- Task prompt
Please repeat each line below exactly, with no images in the copy.

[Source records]
------
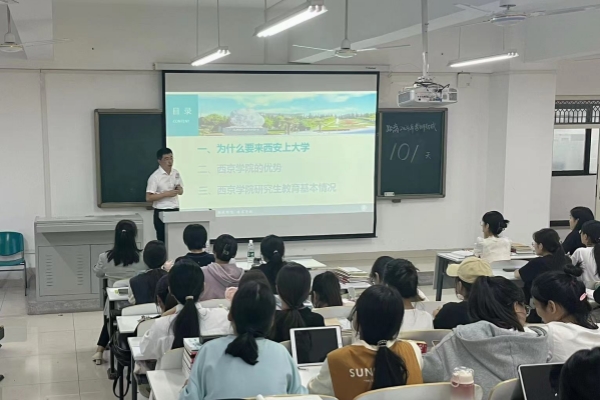 随后,西京学院校长助理刘鹏就西京学院的优势、硕士授权点情况、研究生培养特色、导师队伍、科研实力等多方面做了精彩细致的招生动员宣讲。
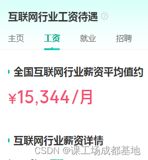 - 互联网行业平均薪资约为15,344/月(数据来自看准网)
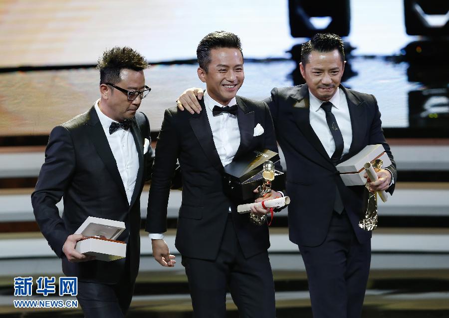 6月21日,演員鄧超(中)、段奕宏(右)、郭濤憑借影片《烈日灼心》獲得“金爵獎”最佳男演員獎。當日,隨著金爵獎獎杯各歸其主,第18屆上海國際電影節(jié)落下帷幕。法國、比利時合拍片《守夜》獲金爵獎最佳影片獎;中國影片《烈日灼心》成為當晚的“大贏家”,導演曹保平獲最佳導演獎,最佳男演員獎則由鄧超、段奕宏、郭濤分享。新華社記者 丁汀 攝
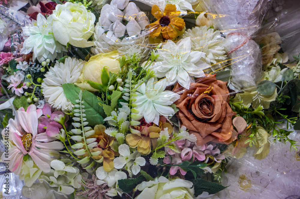 Artificial flowers for decoration inside a plastic sack
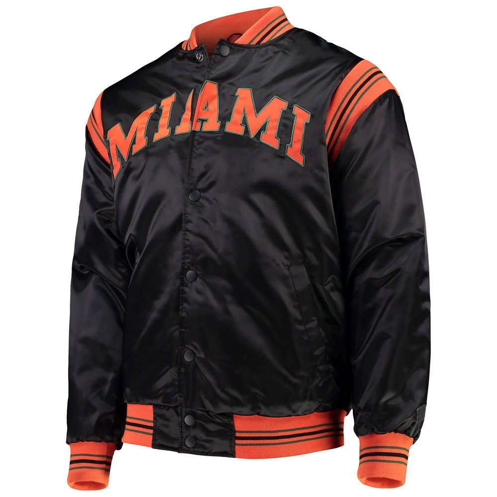Black Miami Hurricanes The Enforcer Full-Button Satin Jacket
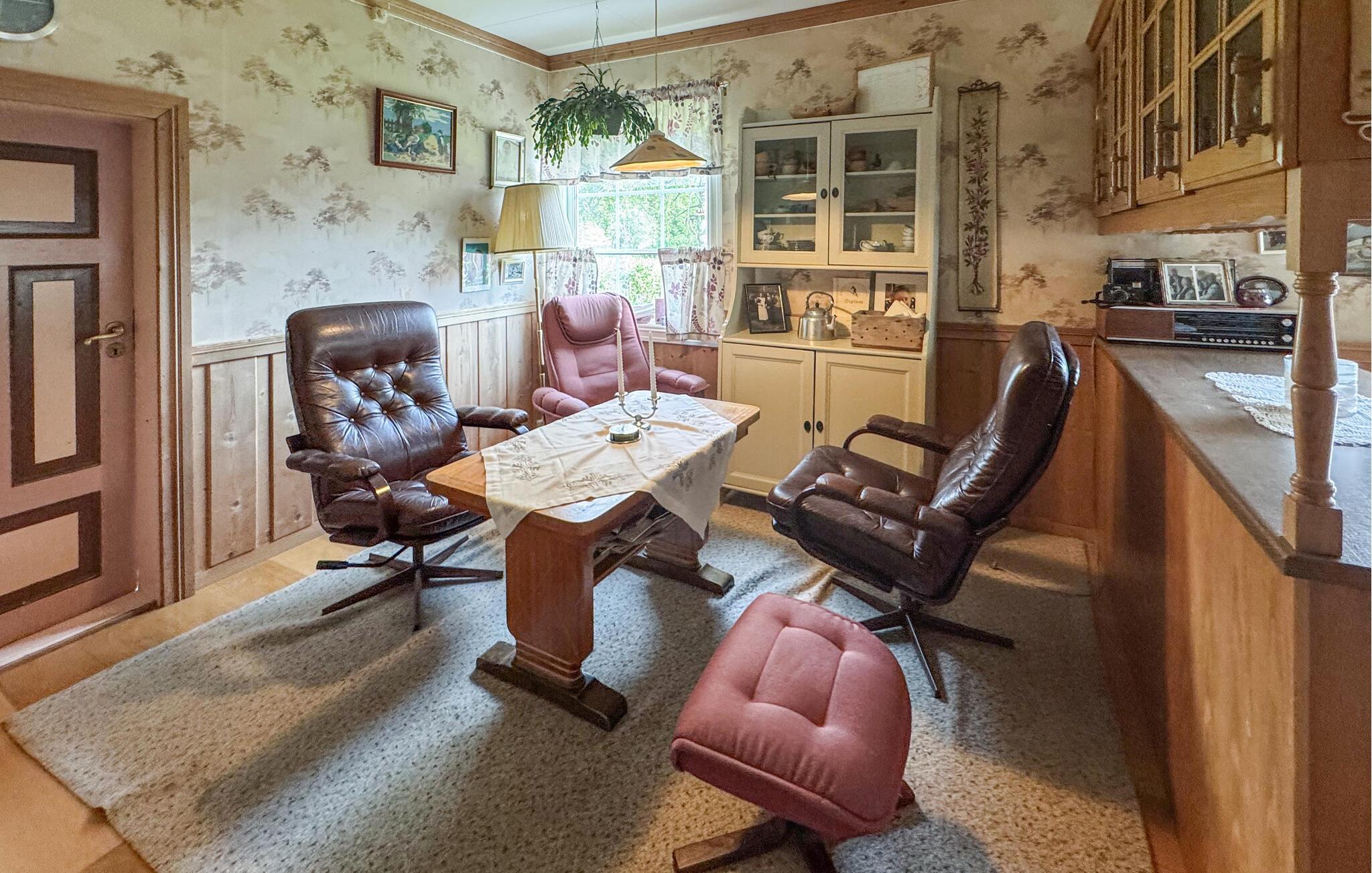 Glæd jer til afslappede dage i dette rummelige hus, der giver jer en hyggelig ramme for en afslappende pause. Træbeklædte vægge i forskellige nuancer, komfortable sofaer, rustikke møbler og brændeovne skaber en behagelig atmosfære, hvor I straks føler jer hjemme. Start dagen med en duftende kop kaffe, lyt til jeres yndlingsmusik, eller tryl i fællesskab lækre retter frem til hele familien.
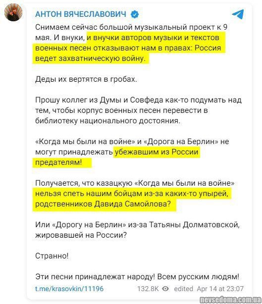 - "Вістка, не від друзів, не від подруг"
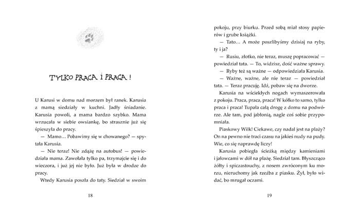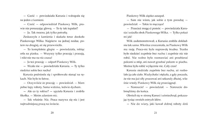 Piaskowy Wilk uwielbia trudne pytania. To dlatego tak dobrze się czuje w towarzystwie Karusi. Opowiada jej rzeczy zapierające dech w piersiach i razem tłumaczą sobie zagadki otaczającego świata. Karusię ciekawi wszystko - komary i miłość, puste kieszenie, nieposłuszne nogi, krótkie chwile, które bywają długie, wszechświat bez końca i czerwone kalosze.
------
- Your solution
 随后,西京学院校长助理刘鹏就西京学院的优势、硕士授权点情况、研究生培养特色、导师队伍、科研实力等多方面做了精彩细致的招生动员宣讲。
 - 互联网行业平均薪资约为15,344/月(数据来自看准网)
 6月21日,演員鄧超(中)、段奕宏(右)、郭濤憑借影片《烈日灼心》獲得“金爵獎”最佳男演員獎。當日,隨著金爵獎獎杯各歸其主,第18屆上海國際電影節(jié)落下帷幕。法國、比利時合拍片《守夜》獲金爵獎最佳影片獎;中國影片《烈日灼心》成為當晚的“大贏家”,導演曹保平獲最佳導演獎,最佳男演員獎則由鄧超、段奕宏、郭濤分享。新華社記者 丁汀 攝
 Artificial flowers for decoration inside a plastic sack
Black Miami Hurricanes The Enforcer Full-Button Satin Jacket
 Glæd jer til afslappede dage i dette rummelige hus, der giver jer en hyggelig ramme for en afslappende pause. Træbeklædte vægge i forskellige nuancer, komfortable sofaer, rustikke møbler og brændeovne skaber en behagelig atmosfære, hvor I straks føler jer hjemme. Start dagen med en duftende kop kaffe, lyt til jeres yndlingsmusik, eller tryl i fællesskab lækre retter frem til hele familien.
 - "Вістка, не від друзів, не від подруг"
 Piaskowy Wilk uwielbia trudne pytania. To dlatego tak dobrze się czuje w towarzystwie Karusi. Opowiada jej rzeczy zapierające dech w piersiach i razem tłumaczą sobie zagadki otaczającego świata. Karusię ciekawi wszystko - komary i miłość, puste kieszenie, nieposłuszne nogi, krótkie chwile, które bywają długie, wszechświat bez końca i czerwone kalosze.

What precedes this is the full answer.